** Dataset excerpts follows **
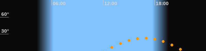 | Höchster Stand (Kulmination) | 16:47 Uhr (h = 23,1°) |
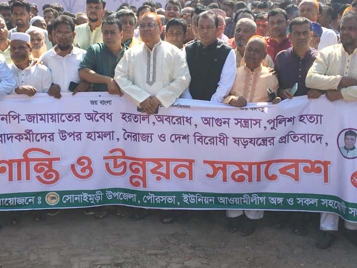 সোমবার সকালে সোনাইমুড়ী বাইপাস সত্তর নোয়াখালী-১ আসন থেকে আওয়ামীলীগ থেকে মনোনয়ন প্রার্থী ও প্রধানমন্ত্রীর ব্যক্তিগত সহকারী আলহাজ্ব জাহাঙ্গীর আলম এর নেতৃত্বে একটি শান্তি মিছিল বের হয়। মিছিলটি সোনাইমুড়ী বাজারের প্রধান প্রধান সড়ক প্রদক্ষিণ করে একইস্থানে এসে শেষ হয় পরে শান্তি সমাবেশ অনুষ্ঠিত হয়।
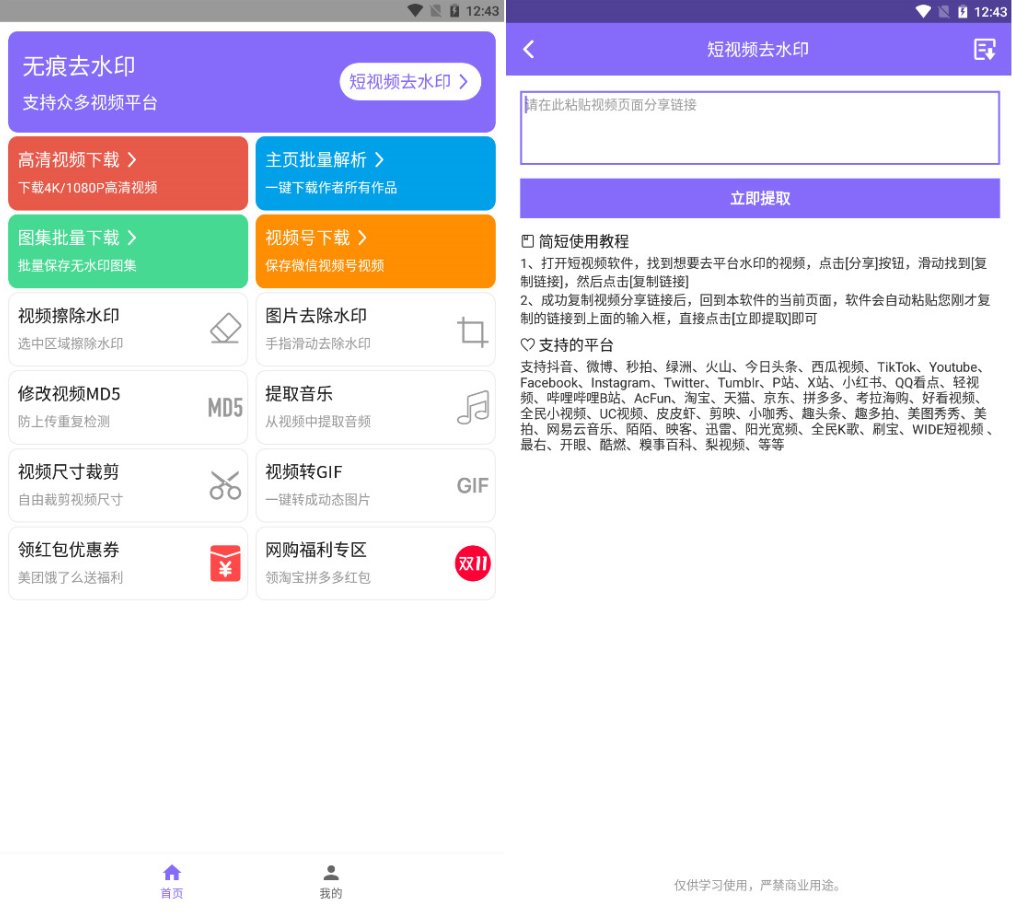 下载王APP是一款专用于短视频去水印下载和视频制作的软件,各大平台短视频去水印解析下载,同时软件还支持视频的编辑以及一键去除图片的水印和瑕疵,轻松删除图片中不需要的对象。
** End of Dataset excerpts **
** Dataset excerpts follows **
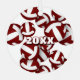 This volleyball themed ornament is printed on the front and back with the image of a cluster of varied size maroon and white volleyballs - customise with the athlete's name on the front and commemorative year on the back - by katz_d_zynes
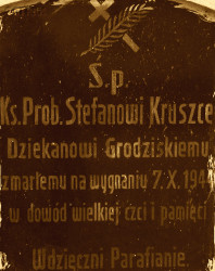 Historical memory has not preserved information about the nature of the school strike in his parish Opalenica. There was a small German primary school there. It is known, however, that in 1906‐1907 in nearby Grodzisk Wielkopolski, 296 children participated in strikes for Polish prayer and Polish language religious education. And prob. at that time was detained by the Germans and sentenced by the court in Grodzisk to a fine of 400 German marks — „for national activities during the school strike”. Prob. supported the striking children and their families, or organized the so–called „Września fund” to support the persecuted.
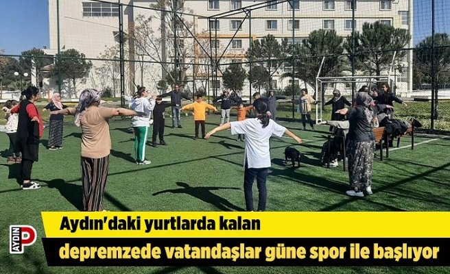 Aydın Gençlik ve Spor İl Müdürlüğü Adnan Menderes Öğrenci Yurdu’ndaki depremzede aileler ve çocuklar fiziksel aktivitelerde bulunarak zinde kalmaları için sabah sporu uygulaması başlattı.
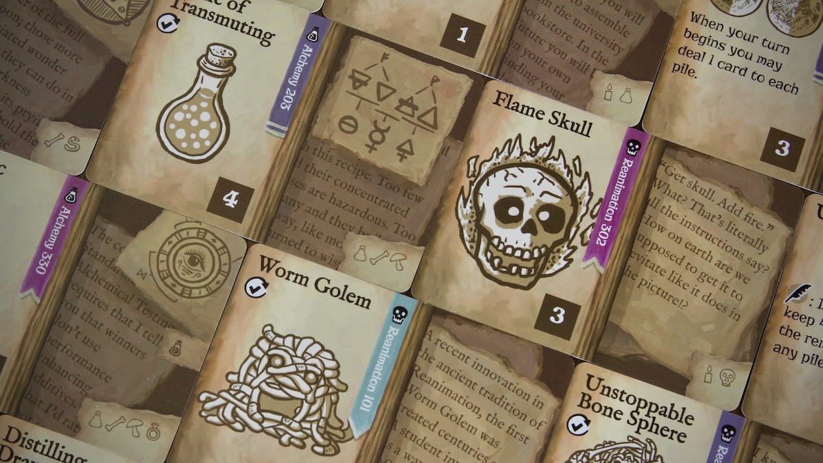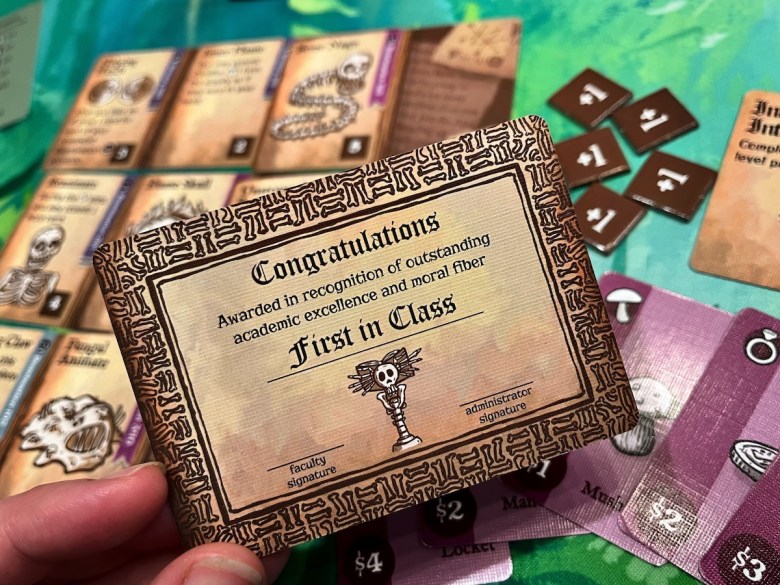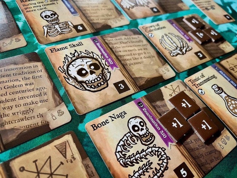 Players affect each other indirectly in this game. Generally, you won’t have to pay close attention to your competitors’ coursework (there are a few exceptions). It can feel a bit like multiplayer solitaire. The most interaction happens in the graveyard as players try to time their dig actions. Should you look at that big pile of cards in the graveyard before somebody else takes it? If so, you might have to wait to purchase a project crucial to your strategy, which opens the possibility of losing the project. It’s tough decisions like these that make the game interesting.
** End of Dataset excerpts **
Problem requirements: For this exercise, return exactly the lines above from the line with "Historical memory has" through the line with "Players affect each", both included. Do not copy the pictures.

Written solution:
 Historical memory has not preserved information about the nature of the school strike in his parish Opalenica. There was a small German primary school there. It is known, however, that in 1906‐1907 in nearby Grodzisk Wielkopolski, 296 children participated in strikes for Polish prayer and Polish language religious education. And prob. at that time was detained by the Germans and sentenced by the court in Grodzisk to a fine of 400 German marks — „for national activities during the school strike”. Prob. supported the striking children and their families, or organized the so–called „Września fund” to support the persecuted.
 Aydın Gençlik ve Spor İl Müdürlüğü Adnan Menderes Öğrenci Yurdu’ndaki depremzede aileler ve çocuklar fiziksel aktivitelerde bulunarak zinde kalmaları için sabah sporu uygulaması başlattı.
 Players affect each other indirectly in this game. Generally, you won’t have to pay close attention to your competitors’ coursework (there are a few exceptions). It can feel a bit like multiplayer solitaire. The most interaction happens in the graveyard as players try to time their dig actions. Should you look at that big pile of cards in the graveyard before somebody else takes it? If so, you might have to wait to purchase a project crucial to your strategy, which opens the possibility of losing the project. It’s tough decisions like these that make the game interesting.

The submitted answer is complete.